Your credit score is one of the important things to watch out for to maintain good financial health. Even the best licensed money lender Singapore would look at this number before approving loans. 

But your credit score is not the only thing to consider, so it’s not worth stressing over. Here are 5 reasons to avoid fussing over your credit score.

It takes focus away from other important financial indicators

Financial institutions look at other indicators of financial health aside from your credit score. The biggest example of this is your Total Debt Servicing Ratio (TDSR). 

As required by the Monetary Authority of Singapore (MAS), up to 55% of your total income can be allocated for debt repayments. If you have taken on too many loans, you can no longer qualify for additional loans if doing so will make you exceed the 55% limit.

Lenders and banks in Singapore also look at other factors, like the stability of your income, your property location, age, and your previous loan and credit history. The credit score is just one of the many factors they look at.

Credit score does not impact interest rates for some types of loans

For things like home loans in Singapore, interest rates are often fixed and regulated by the MAS. Your credit score does not influence the interest rate you get. The financial system in Singapore is different from countries like the United States, where higher credit scores merit lower interest rates for mortgages and home loans.

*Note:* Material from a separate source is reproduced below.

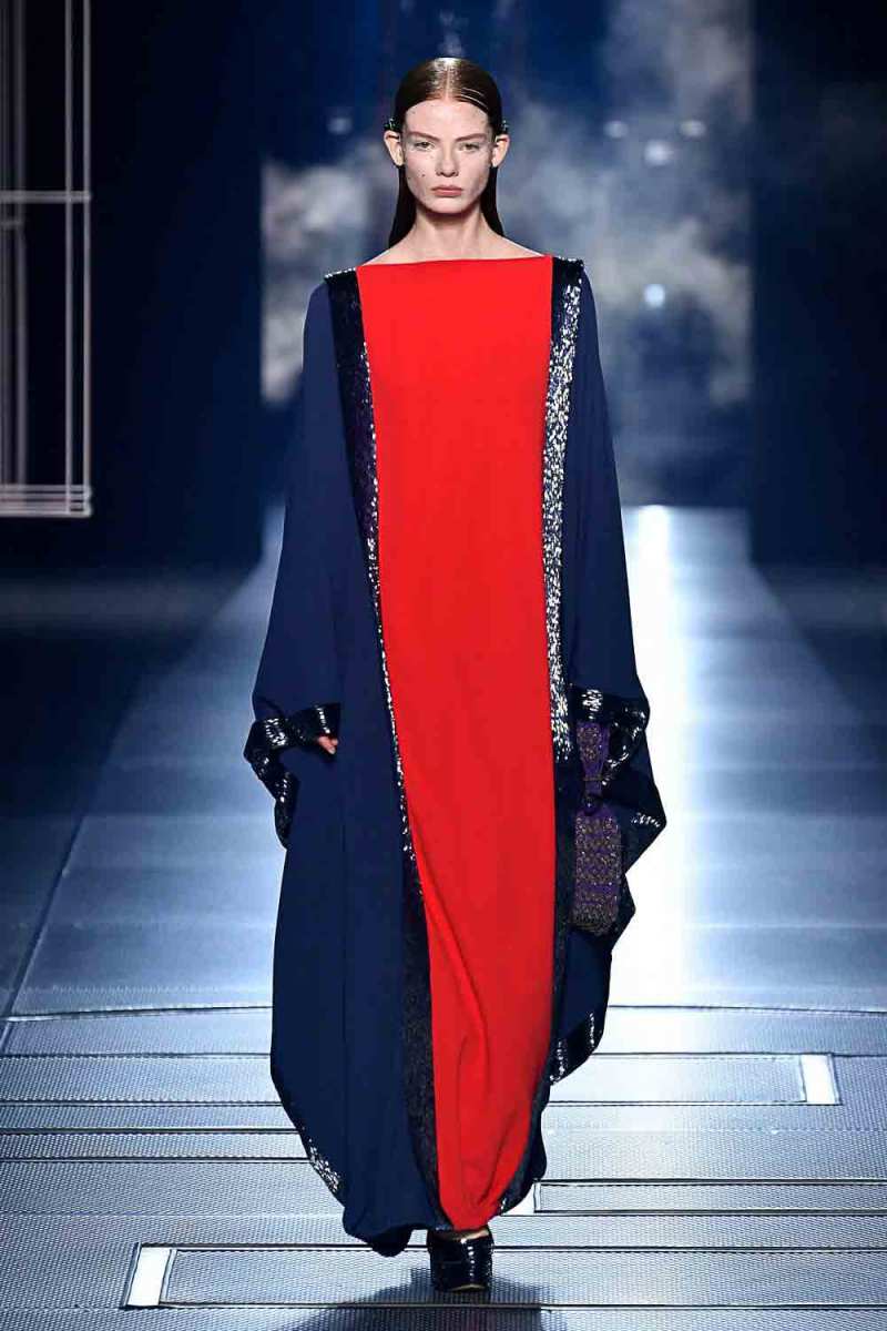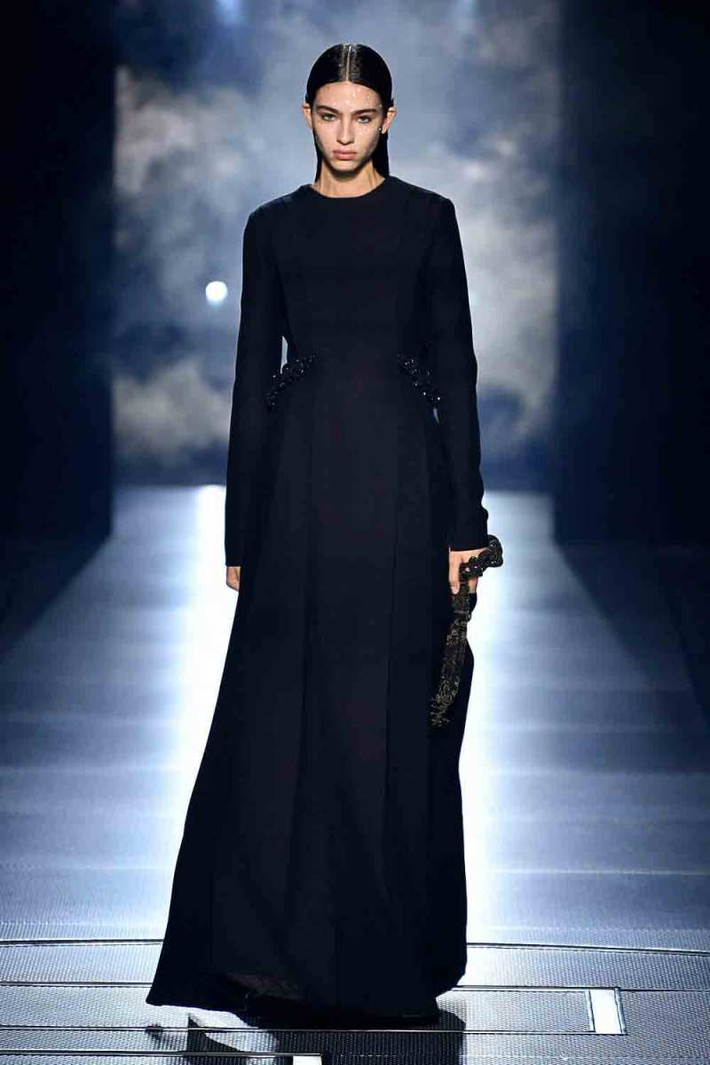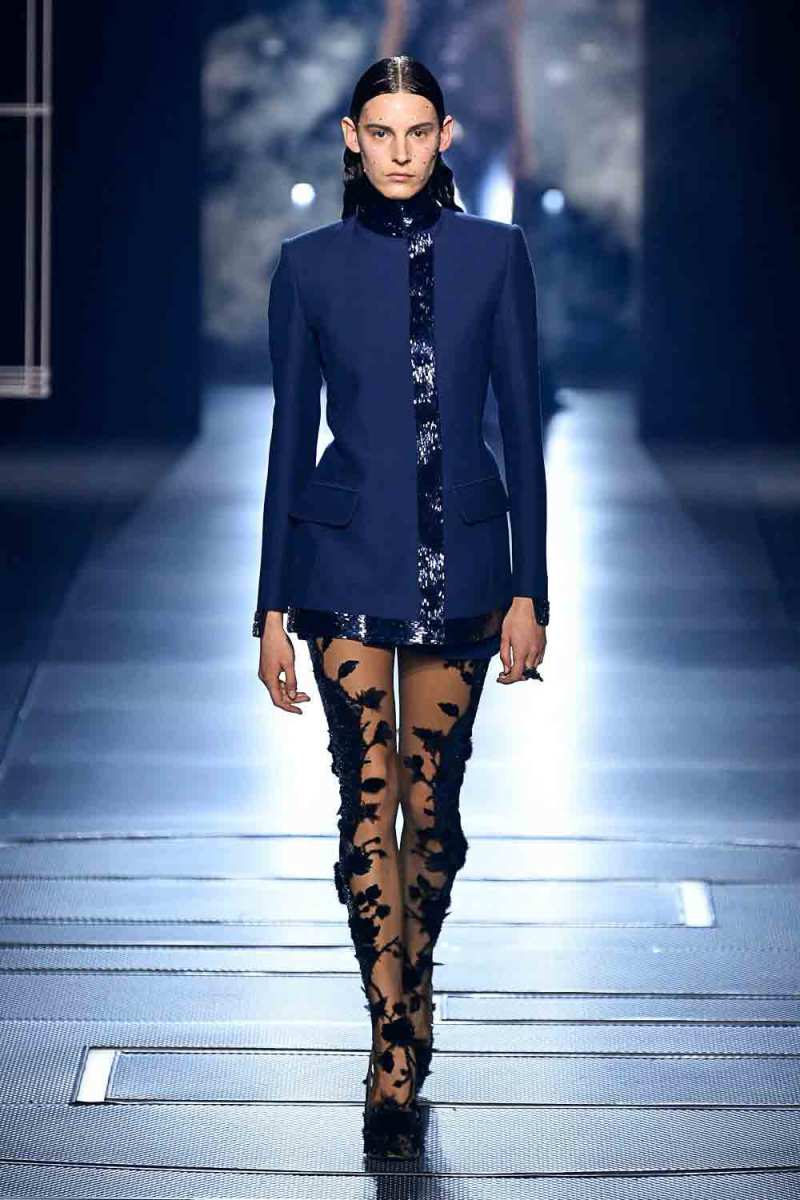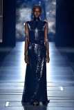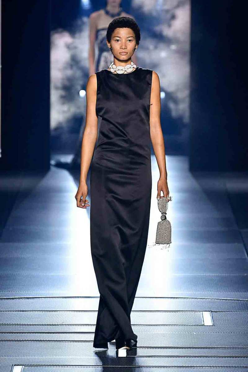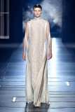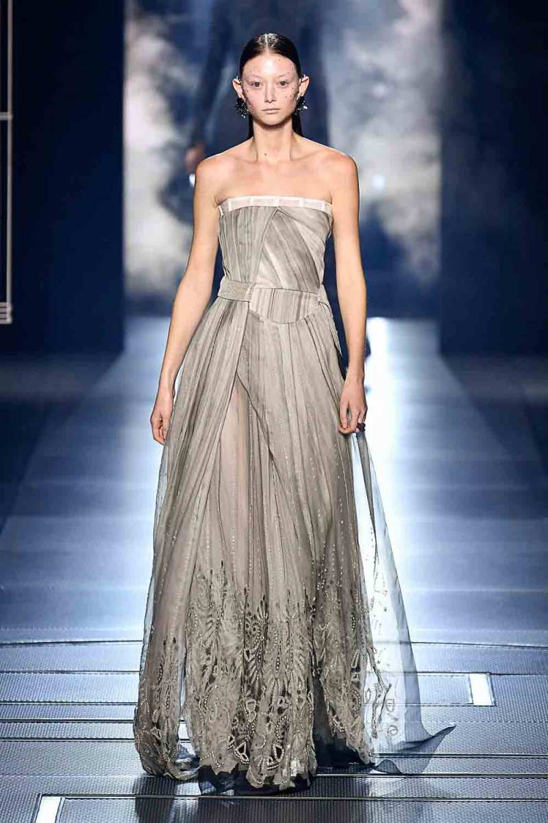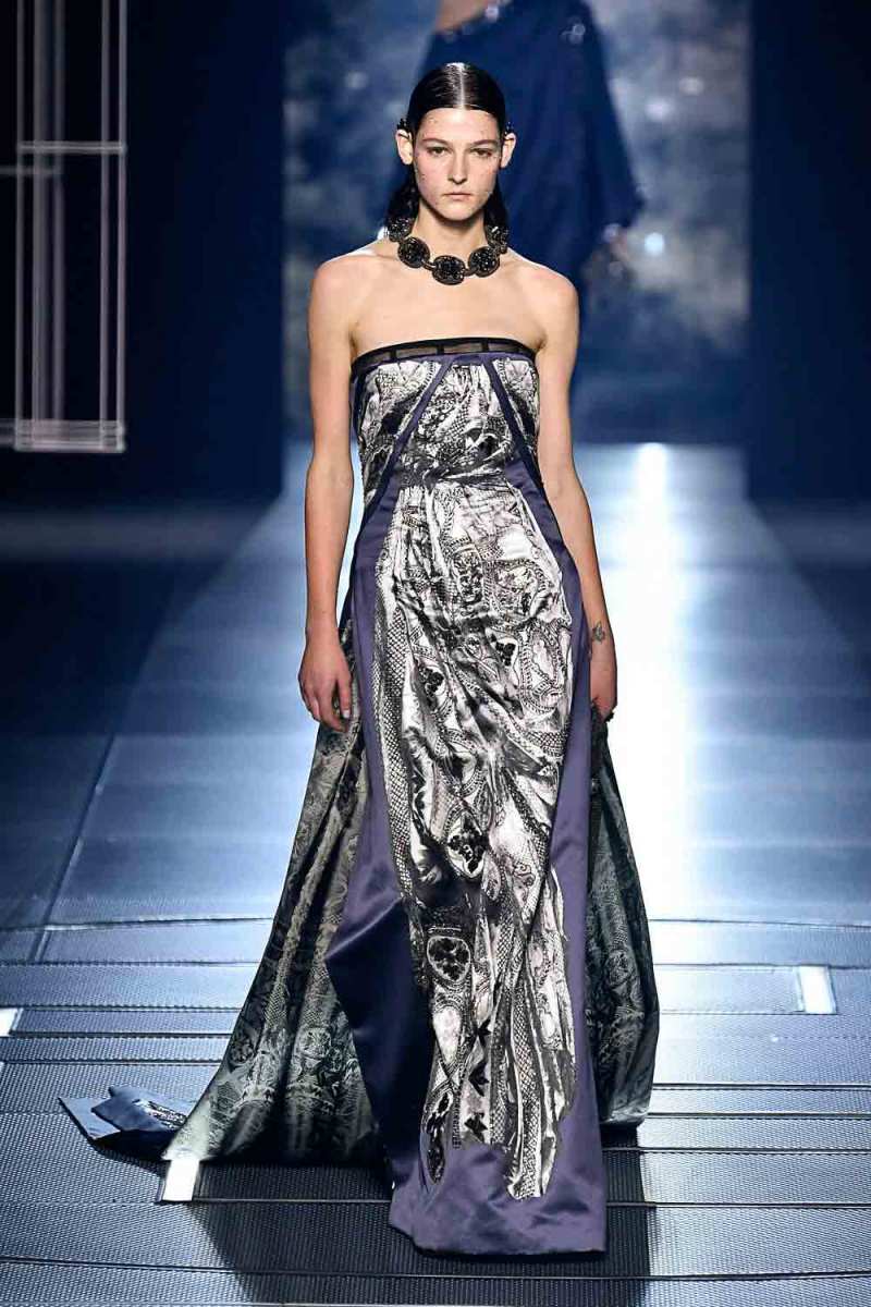 I tessuti si presentano come morbidi e fluidi, sono presenti drappeggi scintillanti con perle, perline e baguette luminose. Accessorio che fa da padrone sono i collant ricamati che fungono da seconda pelle, accompagnati da visoni, velluti e pelli trasformate. Gli abiti creano ombre e scie di seta duchesse, organza e altri tessuti opulenti per tutta la runway, senza rinunciare al tocco di luce e di sfarzo che cattura l’attenzione.

With that, there’s no need to stress yourself over your credit score if you are looking to apply for a home loan. While it’s still important for your financial health, it’s not the only thing you should consider.

Credit score does not have much influence on daily needs

Spending for essentials like rent, utilities, and mobile plans is not dependent on your credit score. If you worry that your credit score may be less than stellar, it doesn’t mean you will not qualify for lease contracts or applications for electricity and internet.

With those in mind, you can still live decently in Singapore despite a lower-than-optimum credit score. You will not have to live on the streets or rely on unemployment benefits. 

Easy, centralised access to your credit report

In Singapore, only one institution is responsible for maintaining and distributing your credit report, which is the Credit Bureau Singapore (CBS). That means credit history, reporting, and other aspects that influence your credit score are all within the reach of the CBS. You don’t have to deal with multiple credit reporting companies. 

With that, you can have more confidence in your credit score. What you get from CBS is the real deal. It is the same thing that banks and lenders look at. 

Employers do not use your credit score as a basis for hiring

Employers in Singapore do not look into your credit score when making hiring decisions. Whatever your credit score, you can get a job if you qualify for it. There is no need for you to fuss over your credit score to increase your chances of getting hired.

So when rebuilding a low credit score and getting out of debt, don’t be afraid. Employers will not reject you solely because of a low credit score, so you can earn back what you have lost.

Conclusion

With the financial system in Singapore, you do not need to keep worrying about your credit score to maintain financial health. Focus on creating good money habits, like budgeting, saving, and investing. This way, you can start building wealth sooner to secure your future.